==== DATASET EXCERPTS

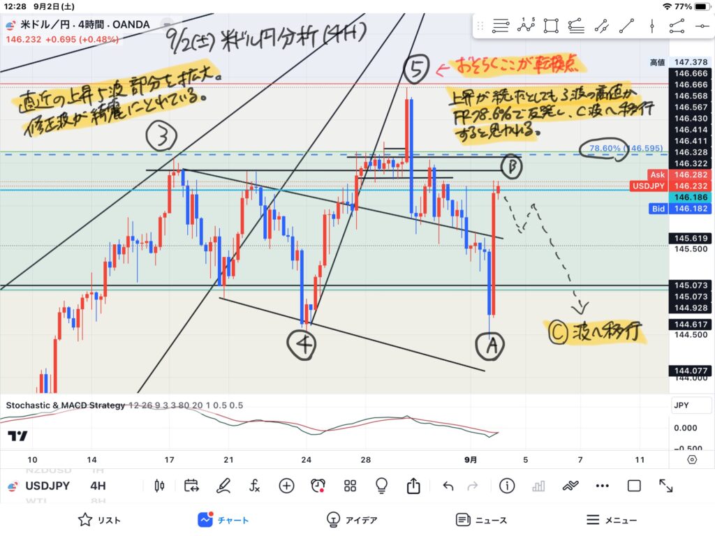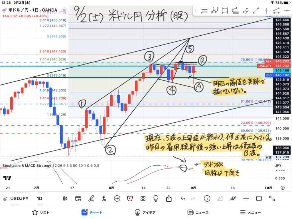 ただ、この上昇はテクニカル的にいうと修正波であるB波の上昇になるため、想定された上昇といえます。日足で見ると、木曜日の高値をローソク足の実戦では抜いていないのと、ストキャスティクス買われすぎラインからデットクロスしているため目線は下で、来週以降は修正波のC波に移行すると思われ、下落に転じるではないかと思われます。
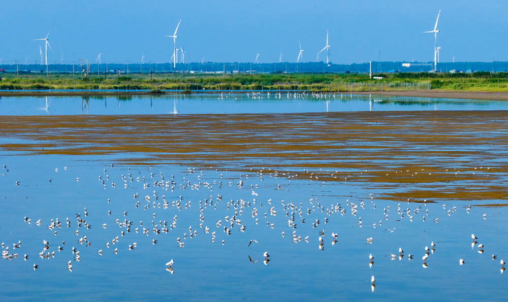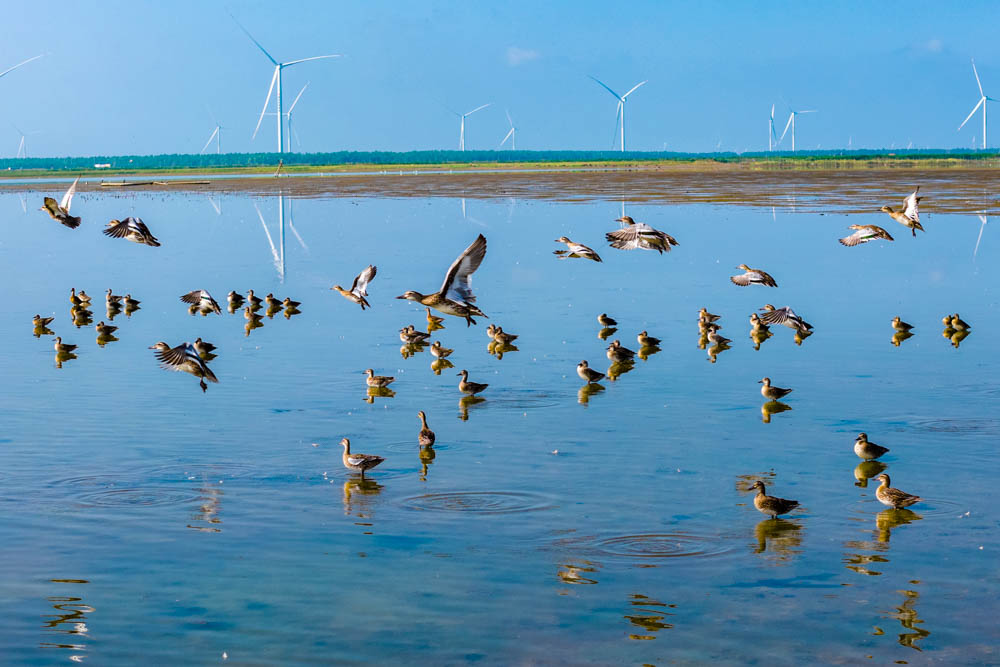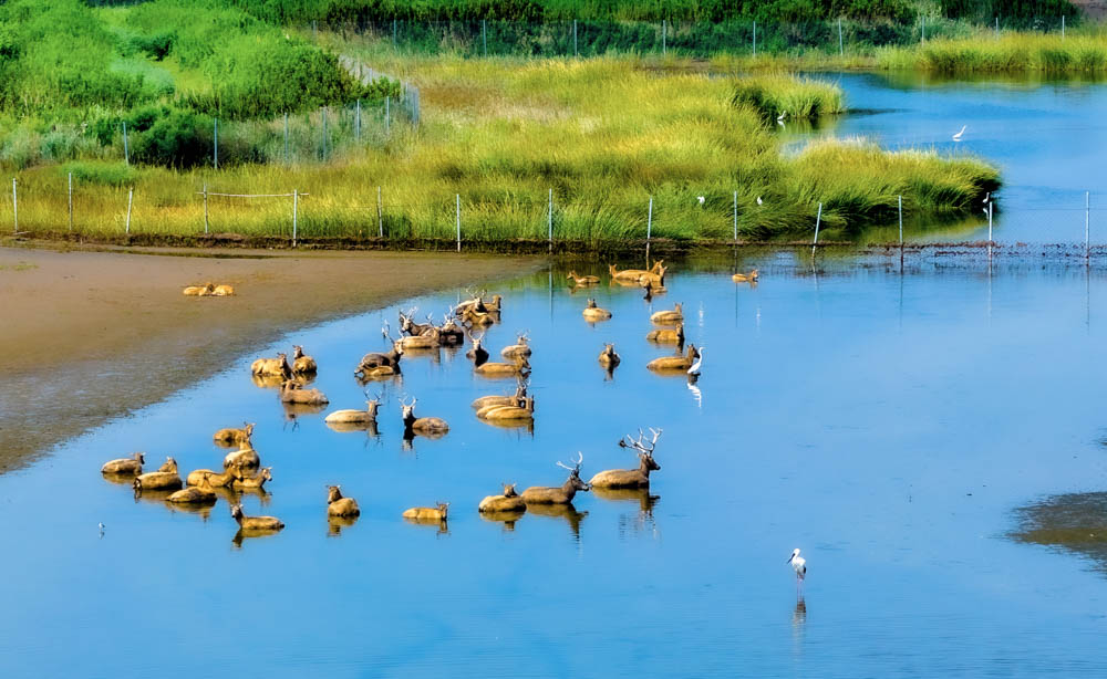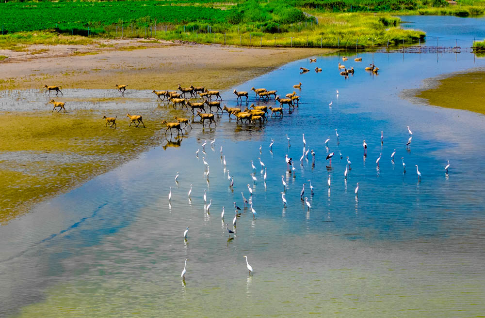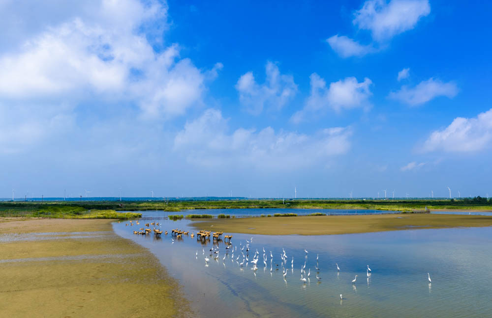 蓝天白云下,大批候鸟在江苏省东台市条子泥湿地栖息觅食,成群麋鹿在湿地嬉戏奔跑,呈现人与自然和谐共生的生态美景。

========
==== DATASET EXCERPTS

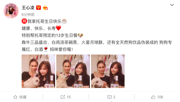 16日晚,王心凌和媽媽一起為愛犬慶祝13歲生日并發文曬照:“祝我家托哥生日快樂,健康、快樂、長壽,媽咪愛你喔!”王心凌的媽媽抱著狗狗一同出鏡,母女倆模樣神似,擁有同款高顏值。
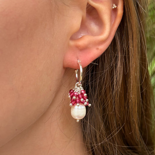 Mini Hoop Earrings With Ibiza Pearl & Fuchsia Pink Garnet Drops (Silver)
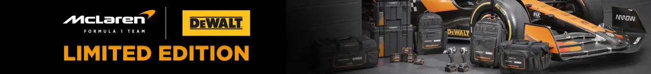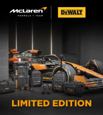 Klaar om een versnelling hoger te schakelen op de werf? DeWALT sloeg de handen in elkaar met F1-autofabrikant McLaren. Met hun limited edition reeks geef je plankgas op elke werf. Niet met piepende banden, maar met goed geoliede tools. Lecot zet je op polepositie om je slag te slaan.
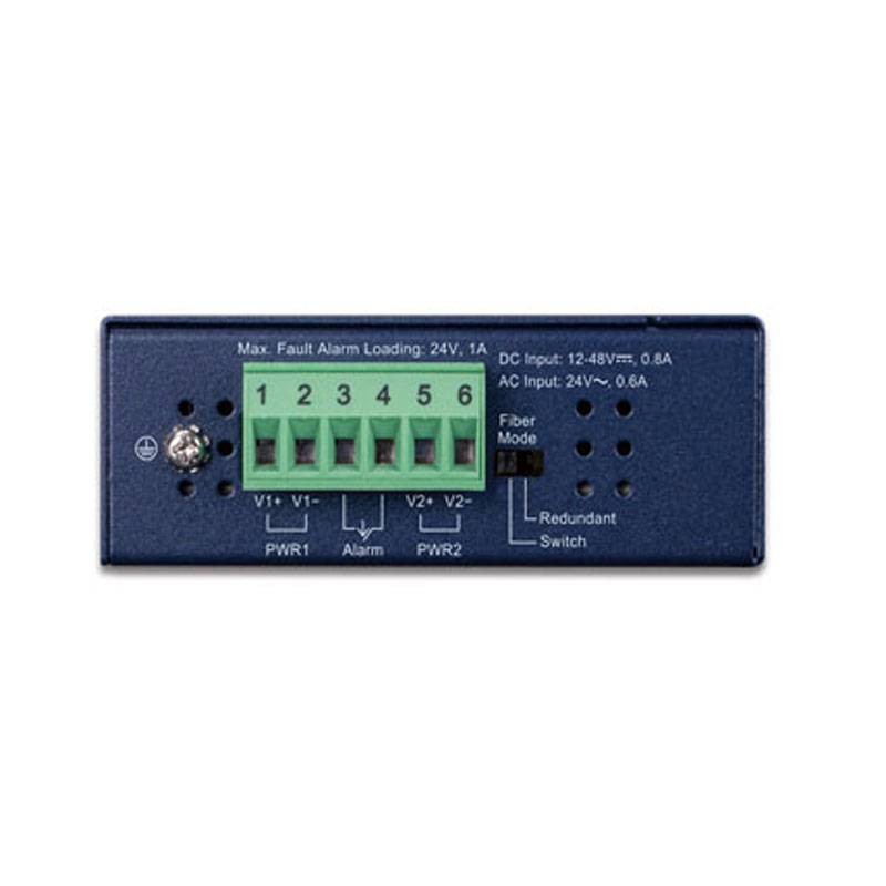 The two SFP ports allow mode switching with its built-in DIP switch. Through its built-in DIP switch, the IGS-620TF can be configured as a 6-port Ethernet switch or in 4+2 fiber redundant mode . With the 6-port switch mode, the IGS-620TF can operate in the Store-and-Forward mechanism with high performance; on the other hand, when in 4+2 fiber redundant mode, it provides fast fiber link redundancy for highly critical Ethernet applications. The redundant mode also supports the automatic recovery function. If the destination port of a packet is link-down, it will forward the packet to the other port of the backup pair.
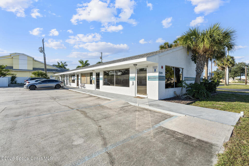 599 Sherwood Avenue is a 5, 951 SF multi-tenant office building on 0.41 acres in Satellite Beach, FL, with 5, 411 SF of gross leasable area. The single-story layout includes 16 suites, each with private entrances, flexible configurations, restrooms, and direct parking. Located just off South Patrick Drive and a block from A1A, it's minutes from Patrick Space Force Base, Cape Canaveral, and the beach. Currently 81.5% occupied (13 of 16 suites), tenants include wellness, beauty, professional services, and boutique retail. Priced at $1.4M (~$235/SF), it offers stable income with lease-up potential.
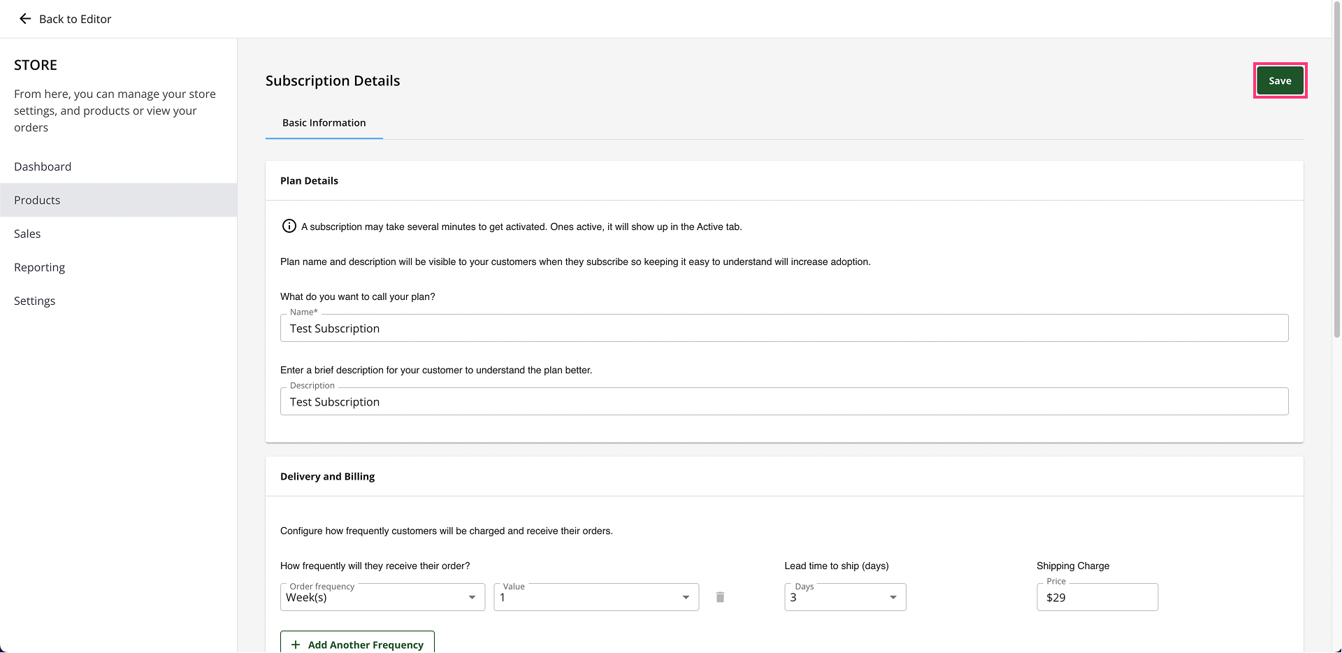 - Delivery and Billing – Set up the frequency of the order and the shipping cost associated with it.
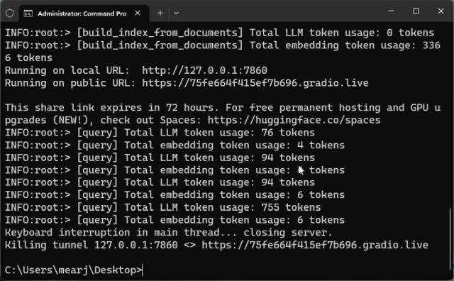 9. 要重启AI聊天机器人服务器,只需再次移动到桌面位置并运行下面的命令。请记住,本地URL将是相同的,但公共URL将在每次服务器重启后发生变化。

========
==== DATASET EXCERPTS

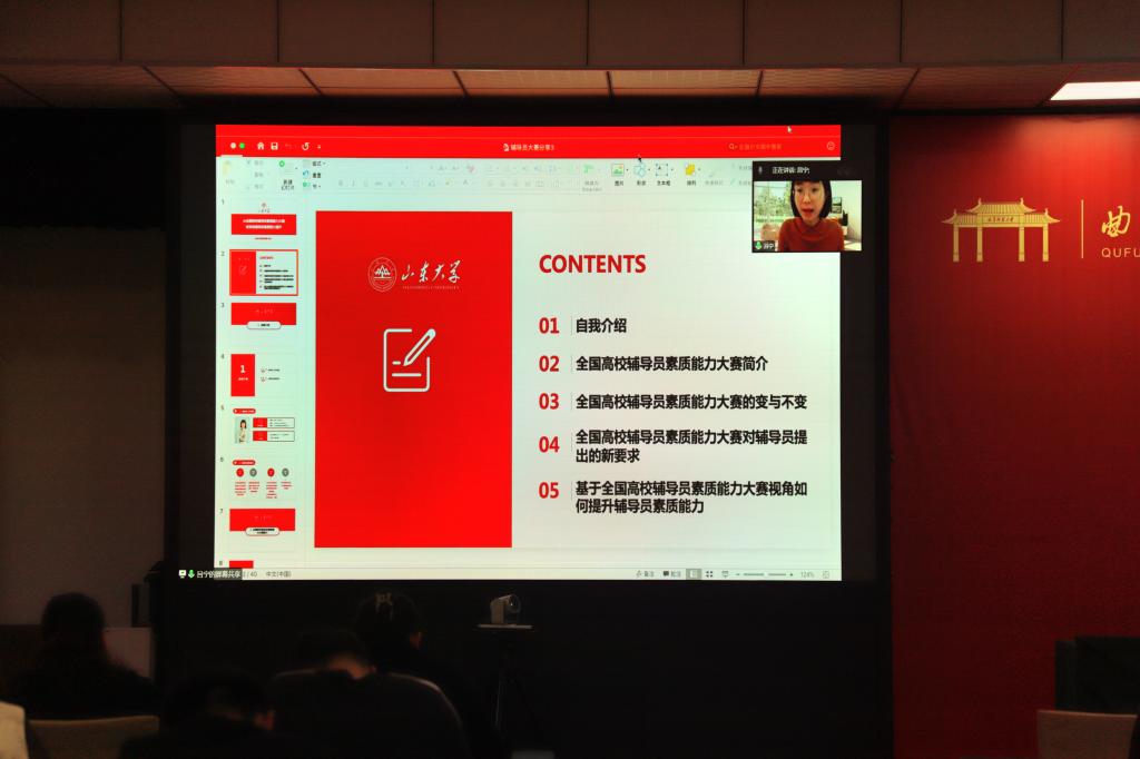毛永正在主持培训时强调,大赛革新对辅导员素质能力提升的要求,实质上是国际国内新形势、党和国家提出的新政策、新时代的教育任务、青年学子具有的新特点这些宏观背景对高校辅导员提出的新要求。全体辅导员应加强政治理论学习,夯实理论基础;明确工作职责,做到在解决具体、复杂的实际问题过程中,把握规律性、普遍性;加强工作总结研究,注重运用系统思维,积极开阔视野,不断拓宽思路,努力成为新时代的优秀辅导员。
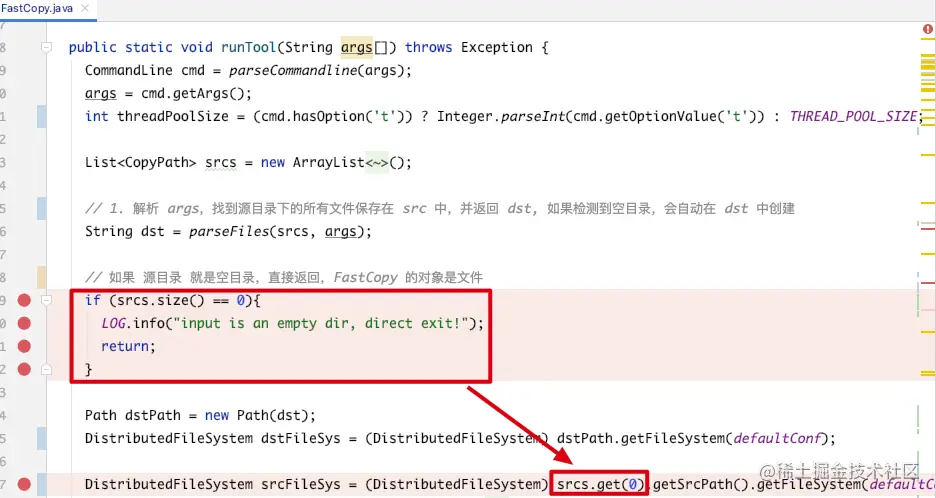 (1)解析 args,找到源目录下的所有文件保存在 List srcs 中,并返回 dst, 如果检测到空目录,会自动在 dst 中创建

========

WHAT YOU SHOULD DO ▸
Look above for the line with "ただ、この上昇はテクニカル的", then print it and each line after it down to and including the line with "蓝天白云下,大批候鸟在江苏省". Leave out the pictures and keep the wording exact.

TASK RESPONSE ▸
 ただ、この上昇はテクニカル的にいうと修正波であるB波の上昇になるため、想定された上昇といえます。日足で見ると、木曜日の高値をローソク足の実戦では抜いていないのと、ストキャスティクス買われすぎラインからデットクロスしているため目線は下で、来週以降は修正波のC波に移行すると思われ、下落に転じるではないかと思われます。
 蓝天白云下,大批候鸟在江苏省东台市条子泥湿地栖息觅食,成群麋鹿在湿地嬉戏奔跑,呈现人与自然和谐共生的生态美景。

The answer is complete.